The tectonic patterns of crustal plateaus are highly complex, featuring both extensional and compressional structures across a wide range of wavelengths and spacings. While radial extension is widely accepted as the final evolutionary phase, earlier stages are debated. The plume and lava pond hypotheses suggests a strong brittle layer thickening during cooling causing an increase of the structures wavelength (or spacing) with time4,5,6. Other works provide evidence of initial compression followed by extension7,8,9. Moreover, different wavelengths of structures can simultaneously be caused by the tectonic deformation of a layered crust [10]. Recently, dyke swarm emplacement has been linked to ribbon formation11, which provides an elegant explanation to the persistent spacing.
Despite all crustal plateaus feature thick crusts associated to negative gravity anomalies, a wide range of crustal thicknesses, topographic elevations, and Bouguer anomalies is observed12. At one end, Ovda Regio exhibits a significantly thickened crust, high topography, and a large Bouguer anomaly, while the opposite is true for Alpha Regio. In this study, we conduct a structural analysis of tessera terrain and calculate the total extension produced, with the aim of identifying possible relations between the main geophysical features and ribbon formation.

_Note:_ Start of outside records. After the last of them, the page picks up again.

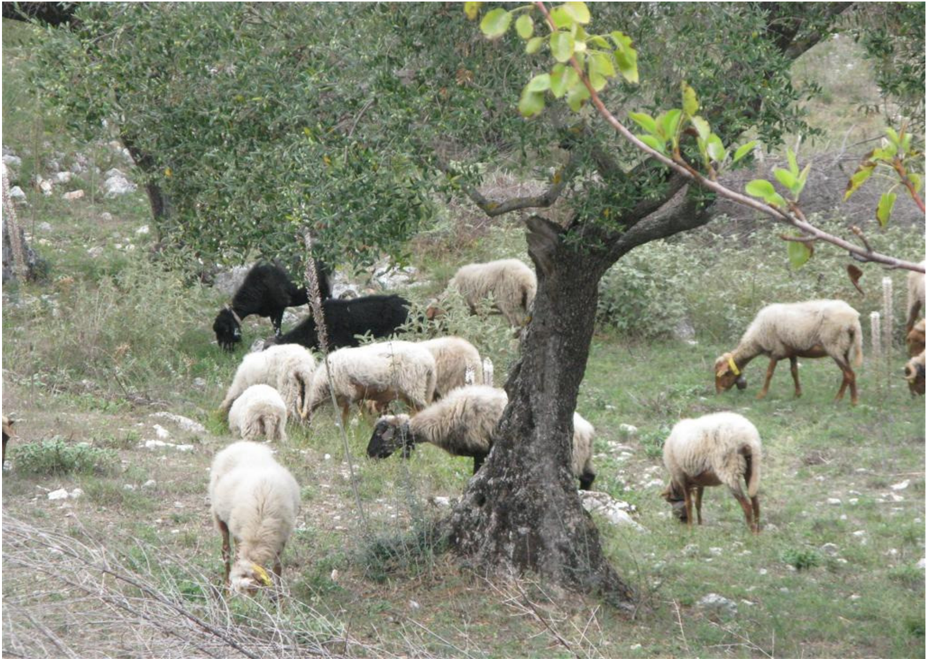
Einige hungrige Gefährten blieben auf Ithaka zurück – schwarze Schafe auch !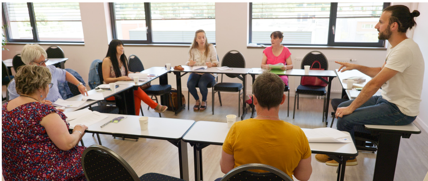
Toutes nos formations ont lieu dans nos locaux rue La Fayette à Besançon : plus de 300 m 2 dédiés à la formation avec cinq salles équipées.

Nous accompagnons les professionnels libéraux dans leurs obligations comptables et fiscales /// Nous initions les artisans et commerçants au pilotage d'entreprise pour une mise en place de bonnes pratiques de gestion /// Nous apportons les règles de bases aux loueurs en meublés pour une optimisation de leur fiscalité.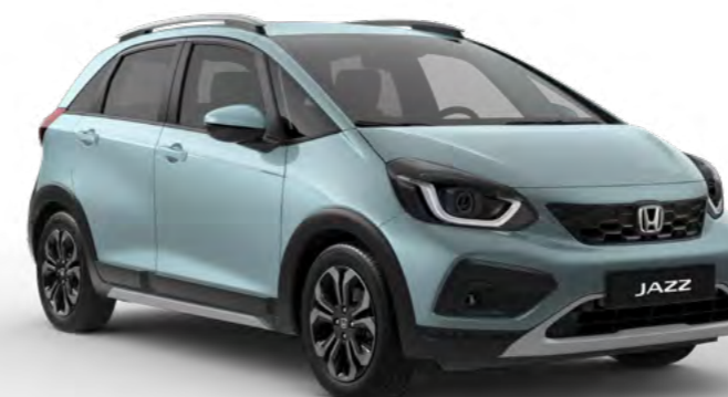
Modra Fjord - biserna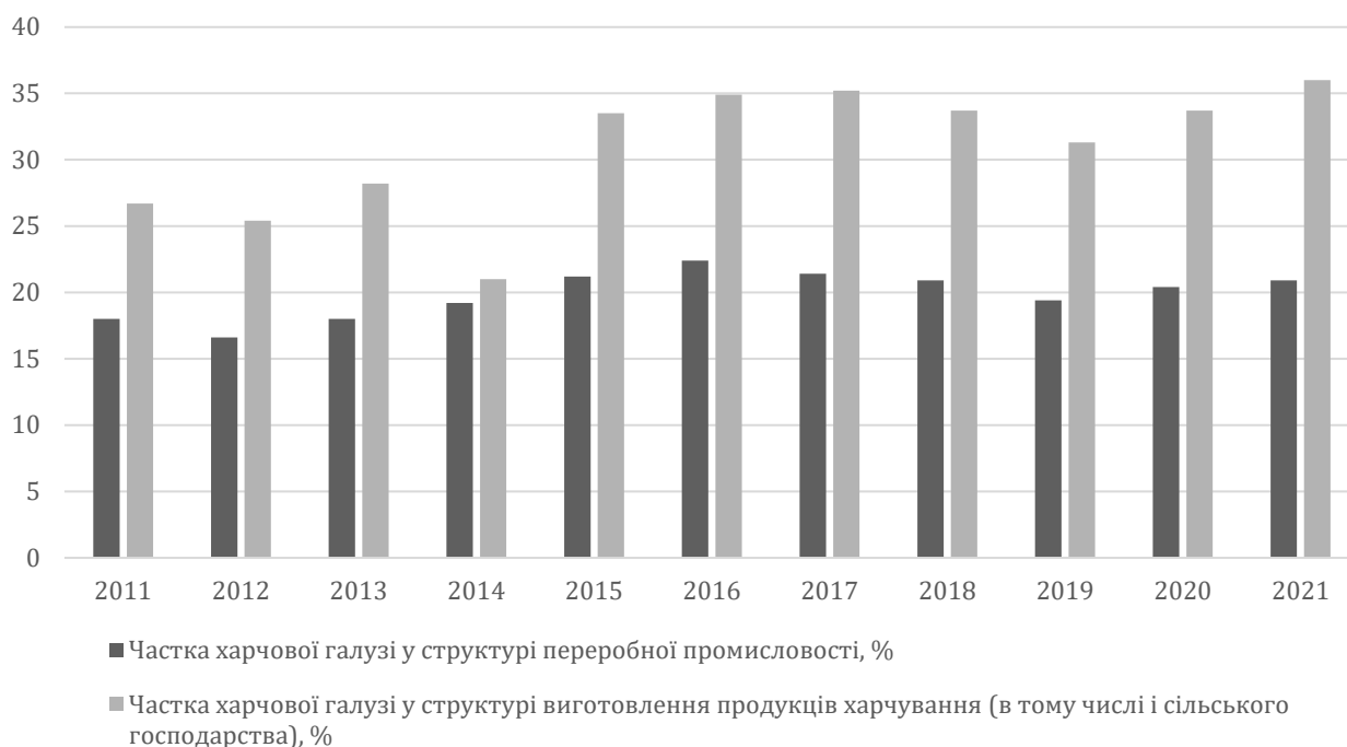
Рис. 2. Частка обсягів реалізації галузі виробництва харчової галузі у 2011-2021 рр.

на 4 682,4 млн дол., що у відносному значенні становить 1,7 %. При цьому харчова промисловість разом із продукцією агропромислового комплексу у 2021 році збільшила темпи експорту продукції на 0,2 % (загальна сума експорту у 2021 році становила 22 179,4 млн дол.), а в абсолютному значенні приріст становив 35,2 млн дол. [3].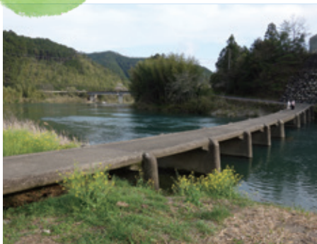
四万十川流域の文化的景観 中流域の農山村と流通・往来（高知県四万十町）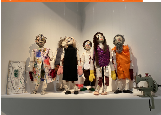
Wiveka Wachtmeister, The Druds , 2020

Grande exposition consacrée à ÖYVIND FAHLSTRÖM (1928–1976), artiste aux multiples talents, et à plus de 80 de ses ami.e.s issus des domaines de la poésie, de l'art, de la musique, de la danse, du théâtre, de la performance et du cinéma. Dédiée autant à des artistes femmes que hommes, parmi lesquels Marisol, Warhol, Kogelnik, Cage, Ringgold, Rauschenberg, Oldenburg, Lebel, Bontecou, Matta, ainsi que Niki & Jean, cette exposition explore la création dans les années 1950–1970 à Rome, Stockholm, Paris et New York.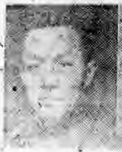
社分慈鄞江浙 任主行推 生先祥伯凌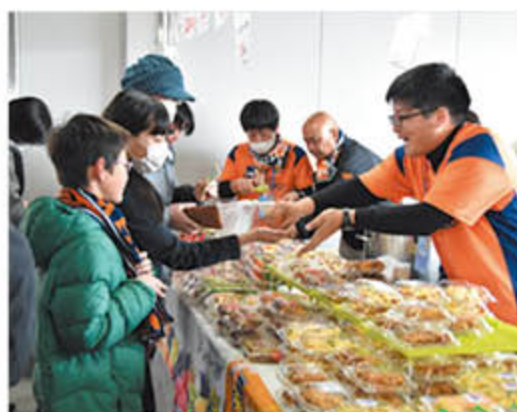
各種飲食物を販売し、JAをPR

J Aは、今年も地元サッカーチーム「AC長野パルセイロ」のプロモーションサーを務め、農産物やJ A事業を幅広い世代にPRしていきます。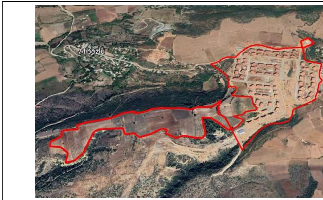
Osmaniye Düziçi Alibozlu İskân Alanı Sınırı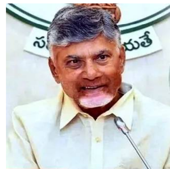
అమరావతి, ఫిబ్రవరి 26 క్రైమ్ కౌంటర్ న్యూస్: మున్సి పాలిటీల్లో డయేరియా ప్రబలకుండా ముందస్తు జాగ్రత్త కోసం ఏపీ ప్రభుత్వం కీలక ఆదేశాలు జారీ చేసింది.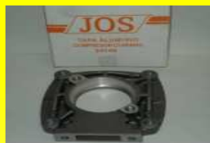
34149-500 TAPA CABEZA COMPRESOR CUMMINS

Geologic mapping and structural analysis of Ovda Regio and Alpha Regio were made using high-resolution SAR images (~75m resolution) and altimetry (10 to 20 km horizontal resolution and 50 to 100 m vertical resolution) from NASA Magellan mission. Data visualization was performed using QGIS. The digitization of regularly-spaced, long narrow graben allowed us to identify and evaluate the presence of different extensional families, as well as their orientations and spatial continuity.
Once regularly-spaced long narrow graben (ribbons) were identified in Ovda Regio and Alpha Regio, the study areas were subdivided into a 200 x 200 km grid. For subsequent analysis, we selected the zones within each grid cell exhibiting the maximum density of normal faults (to evaluate the maximum registered extension). Assuming a pure dip slip kinematics for the normal faults, the maximum observed extension was calculated along lines perpendicular to each fault set. Average fault heave was obtained assuming a fault dip of 60º (typical of normal faults) and a fault throw inferred from partially lava filled grabens at fold limbs. In areas where two graben sets coexist, the resultant extension was obtained by adding the deformation of each set. The estimated maximum extension was obtained by summing the heave of all the normal faults present. A stretching value was calculated for each grid cell, and was subsequently represented by deformation ellipses. Finally, we compared the stretching values with the crustal thickness12,13in the same 200 x 200 km areas for both regions Ovda and Alpha.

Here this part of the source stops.